Did you try Simple Scan, the default Ubuntu program, but were disappointed to see that it doesn't support OCR, etc.? At the same time, is XSANE too complicated for the simple task you set out to do? Do you miss how easy it was to scan documents with Omnipage?

Well, no wonder ... let's see how to scan and perform OCR in the scanned docs in a very, very simple way. You will be amazed with the results.

How to scan in 2 simple steps

1.- Install gscan2pdf & tesseract-ocr (along with its respective language pack). That is, in case you are going to scan documents in English, install tesseract-ocr-eng; If they are in Spanish, install tesseract-ocr-eng and so.

sudo apt-get install gscan2pdf tesseract-ocr tesseract-ocr-eng

2.- The rest is pretty straightforward for those who have ever scanned and OCR a document in Windows. I opened gscan2pdf, scan the document, go to Options> OCR and select tesseract as an OCR engine. There are other engines, but Tesseract is by far the best performing engine. Finally, you can save the final document as PDF, DJVU, etc. going to File> Save.
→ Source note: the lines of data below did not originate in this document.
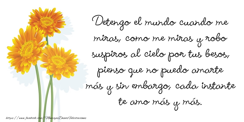 Detengo el mundo cuando me miras, como me miras y robo suspiros al cielo por tus besos, pienso que no puedo amarte más y sin embargo, cada instante te amo más y más.
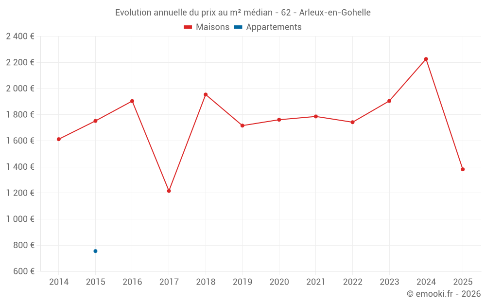 Le prix médian sur les 16 transactions de maisons des 24 derniers mois dans la commune d'Arleux-en-Gohelle était de 1 964 € par mètre carré pour une valeur foncière médiane de 214 300 €. Sur cette période 60% des transactions se sont situées entre 1 135 et 2 645 € par mètre carré (du 2ème au 8ème déciles).
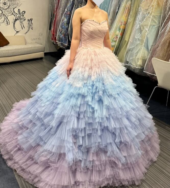 カラードレス レインボー スリット ベアトップ 編み上げ 柔らかく重ねたチュールスカート 華やかなトレーン 花嫁 前撮り 目立つ
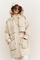 Модель с капюшоном (не отстегивается), два глубоких кармана на груди скрыты небольшими планками, линия талии выполнена резинкой, подол-баска определенно придает изделию шарма, дополняют весь образ изделия - манжеты «воланы»
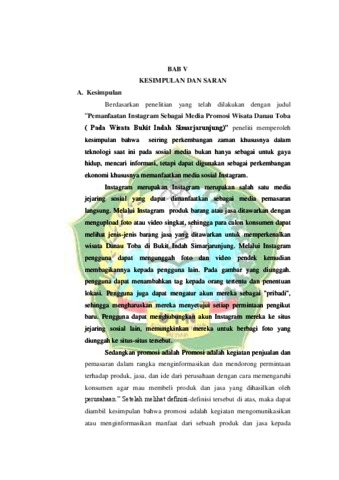 Penelitian ini berjudul “Pemanfaatan Instagram Sebagai Media Promosi Wisata Danau Toba (Pada Wisata Bukit Indah Simarjarunjung)”. Penelitian ini bertujuan untuk mengetahui pemanfaatan media sosial yang dilakukan oleh pihak Bukit Indah Simarjarunjung dalam promosi wisatanya. Teori yang peneliti gunakan dalam penelitian ini adalah teori New Media. Peneliti menggunakan metode penelitian kualitatif dengan pendekatan fenomenologi. Hasil dari penelitian ini menunjukkan bahwa pihak Bukit Indah Simarjarunjung dalam memanfaatkan Instagram sebagai media promosi dengan cara mengupload atau mengunggah foto dan video terbaru yang diolah secara Instagramable agar yang melihat postingan tersebut tertarik untuk berkunjung ke tempat wisata tersebut. Pihak Instagram Bukit Indah Simarjarunjung juga memposting ulang foto atau video dari para pengunjung yang telah mengunjungi tempat wisata tersebut dengan menggunakan hastag atau tagar Bukit Indah Simarjarunjung. Pihak Bukit Indah Simarjarunjung juga membuat sorotan pada akun Instagram mereka agar yang melihat dapat mengetahui sebelumnya apa saja yang ada di tempat wisata tersebut. Pihak Bukit Indah Simarjarunjung melakukan promosi melalui media sosial Instagram dikatakan berhasil dengan meningkatnya jumlah pengunjung wisata Bukit Indah Simarjarunjung dan meningkatnya jumlah pengikut pada akun Instagram Bukit Indah Simarjarunjung.
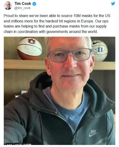 庫克當時(shí)發(fā)布推文稱(chēng):“我們在蘋(píng)果的團隊一直在努力為抗擊新型冠狀病毒疫情的醫療保健提供者尋找補給。我們正在為美國和歐洲的醫療專(zhuān)業(yè)人員捐贈數百萬(wàn)個(gè)口罩。我們感謝前線(xiàn)的每一位英雄。”
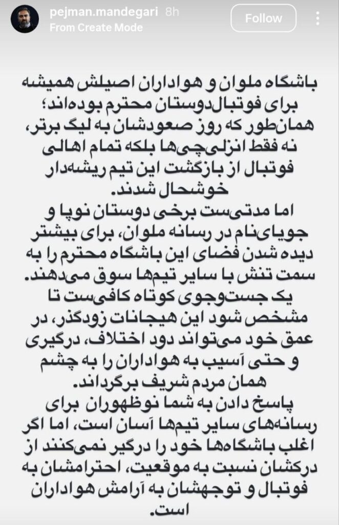 به گزارش هفت ورزشی، بازی تیمهای استقلال و ملوان از هفته سیزدهم لیگبرتر با نتیجه 1-1 به پایان رسید اما این به معنای پایان داستان نبود چرا که بعد از بازی رسانههای نزدیک به استقلال و سپس رسانههای نزدیک به ملوان صحنههایی از بازی را به عنوان پایمال شدن حقشان در این بازی منتشر کردند. در ادامه این درگیری مجازی پژمان ماندگاری مدیررسانهای استقلال با متنی تند نسبت به اتفاقات اخیر و رفتار رسانهای ملوان واکنش نشان داد. در این متن که در اینستاگرام مدیررسانهای باشگاه استقلال بارگذاری شده آمده است:
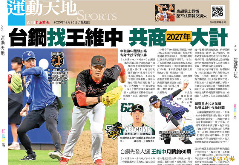 〔記者龔乃玠/新聞分析〕台鋼雄鷹昨天跟王維中達成共識,統一獅和味全龍則分別找來江少慶、曾仁和,過往有先發實績的本土投手在今年季後詢問度高,不只是為了明年球季備戰,後年中職有可能做出例行賽「加場」的大轉變。一旦場次增加,本土先發的深度會越來越重要,台鋼找來王維中正是未雨綢繆,並非只看1個球季。
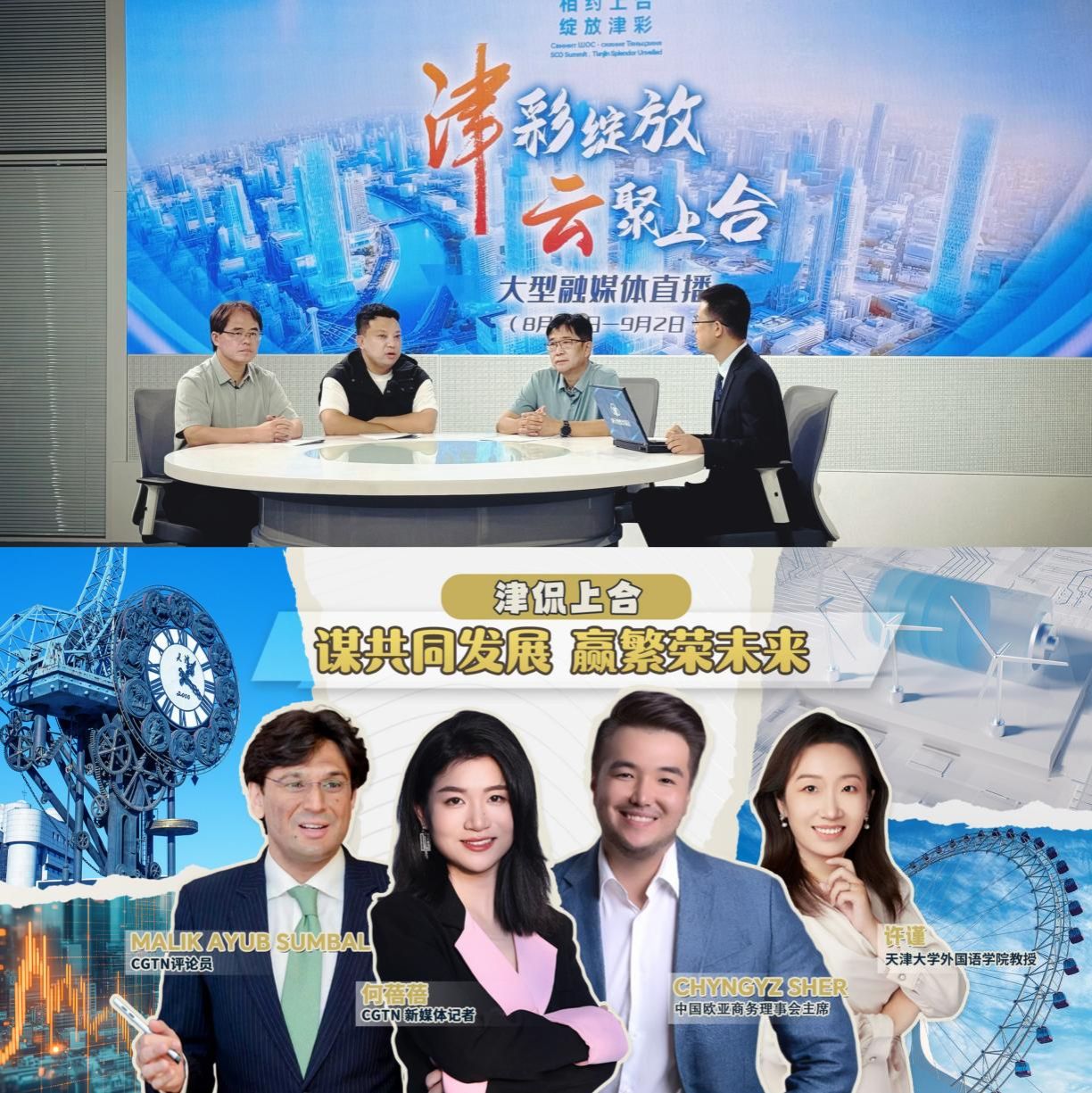 峰会前夕,外国语学院许谨教授在CHINA DAILY发表题为《Tianjin: Embracing the Shanghai Spirit, Shaping SCO's Shared Future》文章,并受邀参加CGTN的“谋共同发展,赢繁荣未来”主题“津侃上合”线上直播活动,积极参与营造上合峰会浓厚氛围。直播活动过程中,许谨教授回应了主持人关于“上海合作组织采取了哪些措施来发挥经济辐射带的作用?对天津产生了哪些具体影响?”“上合组织的绿色能源政策给成员国带来了哪些产业、民生方面的积极作用?”“中印经贸在上合框架下能有哪些发展潜力”等议题,通过与主持人和其他嘉宾的交流互动,在国际交流舞台上展现天大教师风貌。
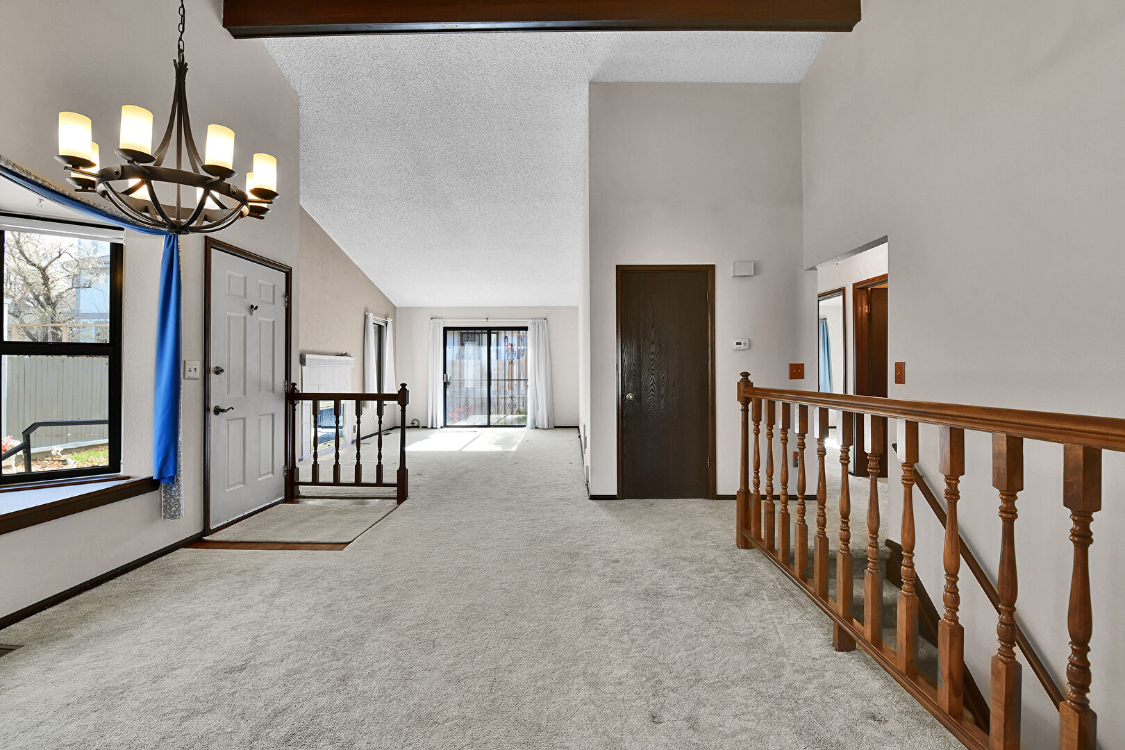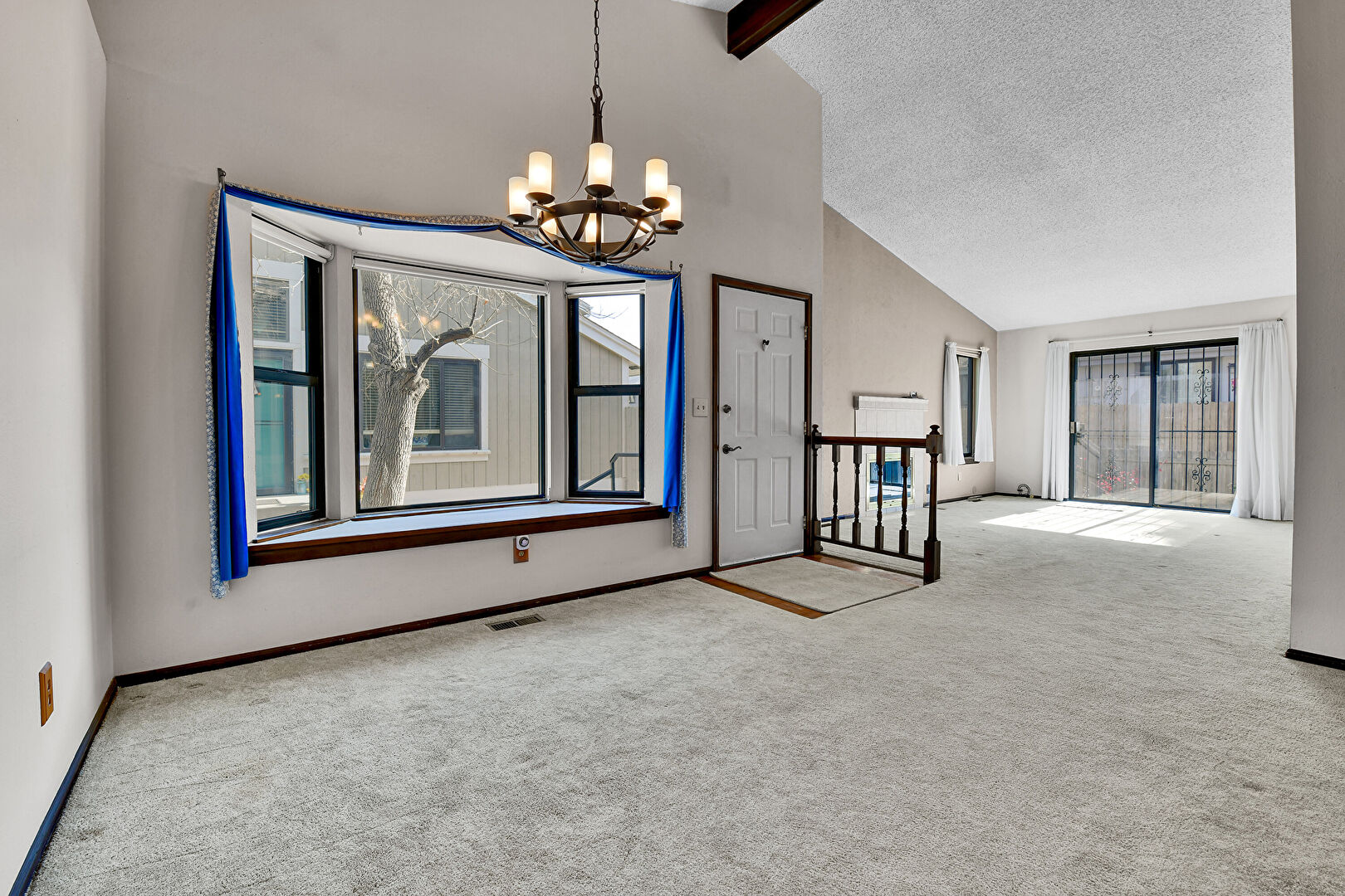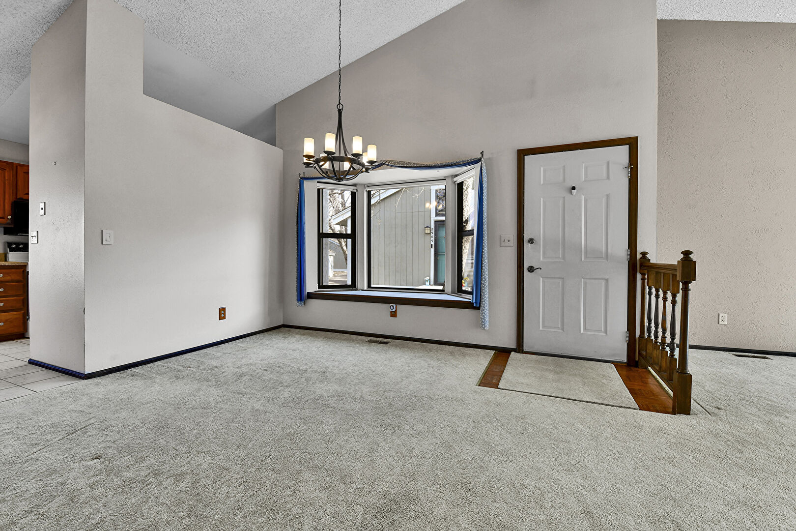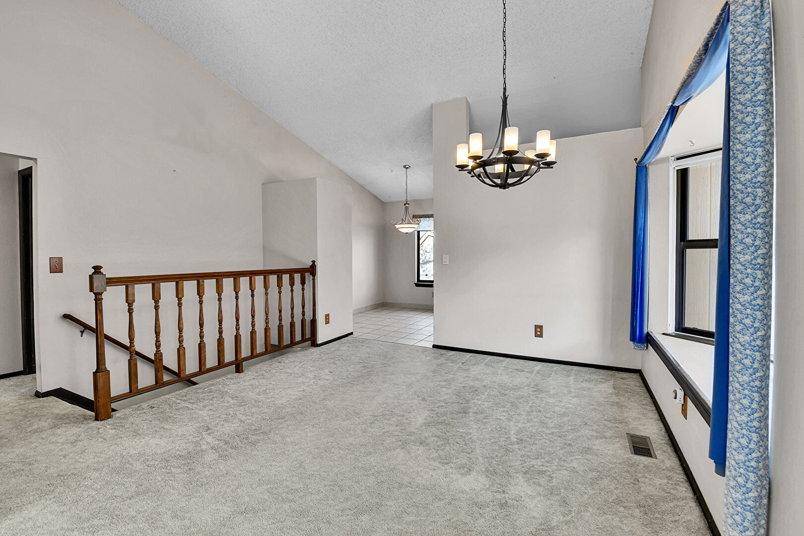 Baseboards Wall, Carpet, Drywall, High Ceiling, Natural Light, Notable Chandelier, Textured Ceiling, Vaulted Ceiling
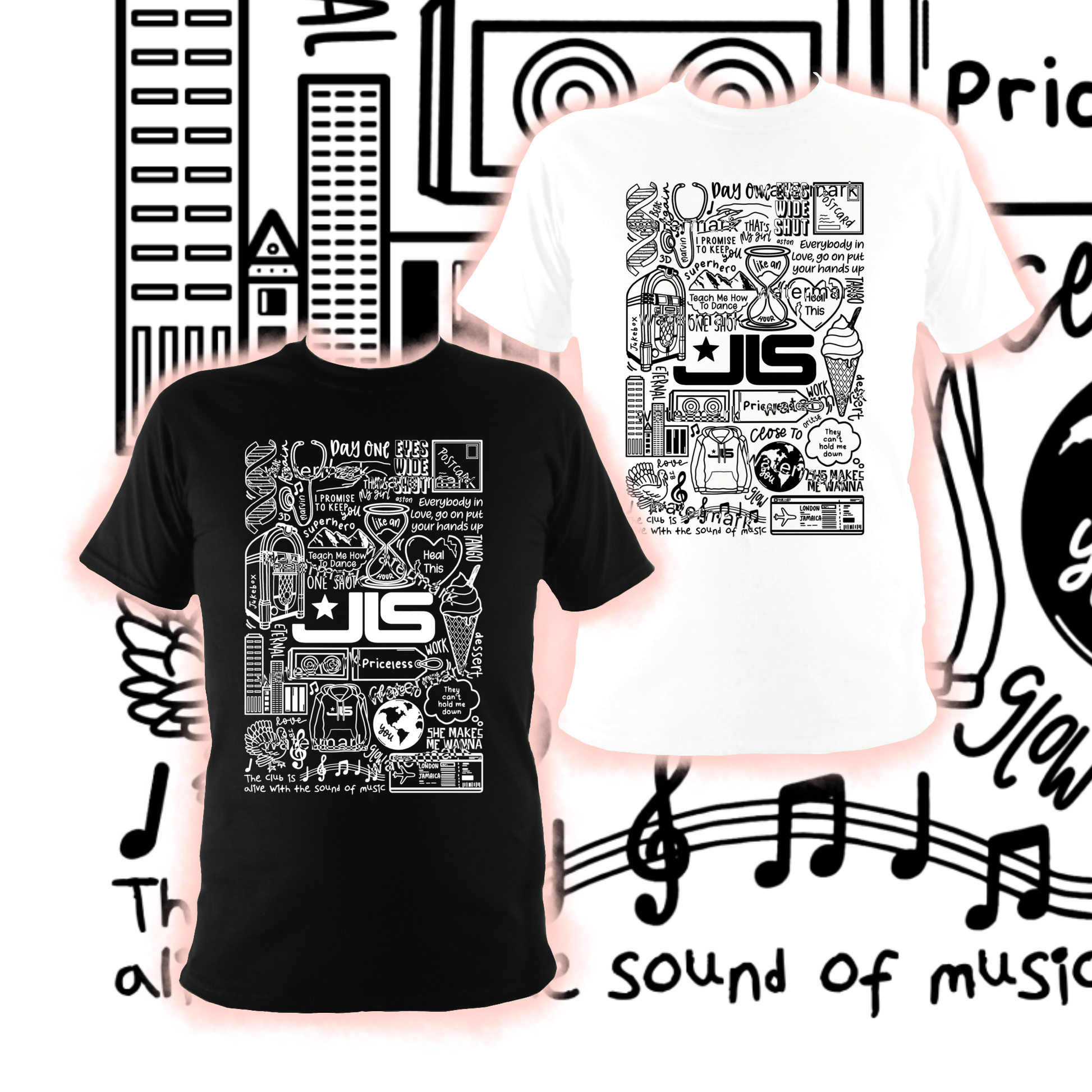 🎶Professionally printed cotton unisex JLS top in black or white.
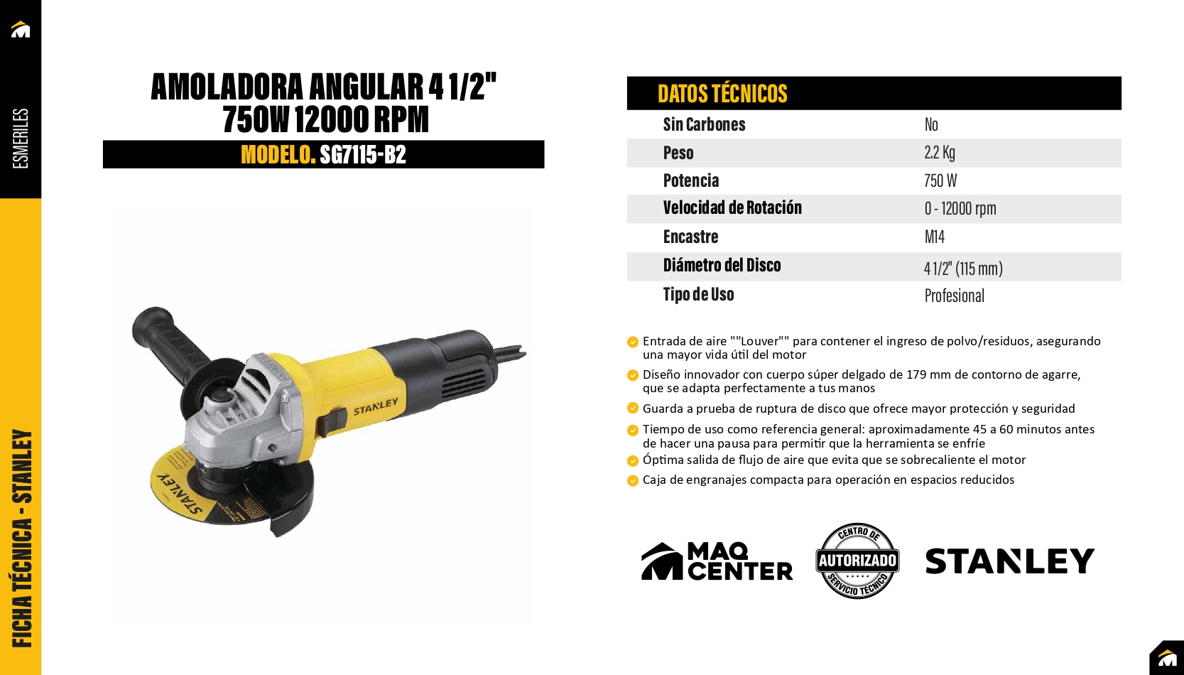 Esmeril anuglar profesional 4-1/2" 750w stanley sg7115
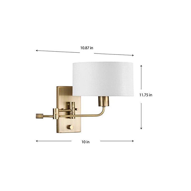 - VINTAGE BRASS FINISH: The light fixture's frame is coated in a classic vintage brass finish. An integral rotary switch on the backplate is included for convenient control.
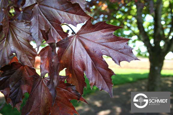 Crimson King br> Extremely popular due to its rich maroon colored leaf. It may experience some leaf scorch during the middle of summer here. It reaches 40-50 feet tall. br>
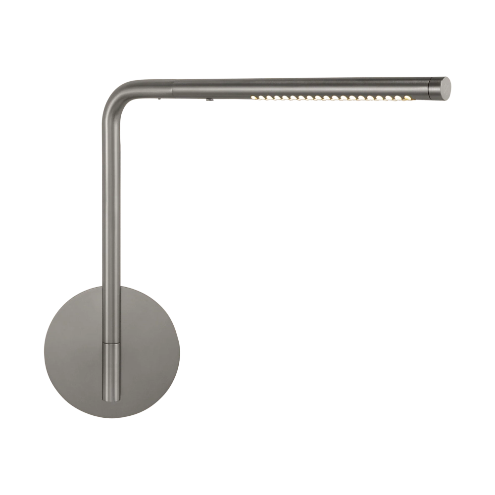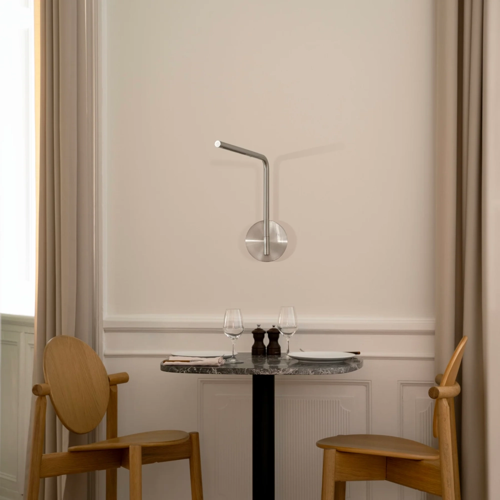 Med sin slanke arm, der strækker sig fra væggen, og et drejeligt lysehoved, kan lyset nemt rettes præcist, hvor du har brug for det – ideelt til både arbejde og afslapning.

Note: when saving scanned documents it is best to save them in DJVU format (the quality is the same as a PDF but there is a very important difference in size).

The following video is in English but it is enough to see it to understand how everything works.

Leave a Comment Cancel reply

Anonymous said
ago 11 years

Alex: Many gamers have a problem getting “friend zoned” with girls they like.
After explaining to a confused Melissa that he is not Waldo,
but The Hon Ludovick Watson, she agrees to go to
England. Your question also needs to be SIMPLE enough
for her to respond without a tone of thought.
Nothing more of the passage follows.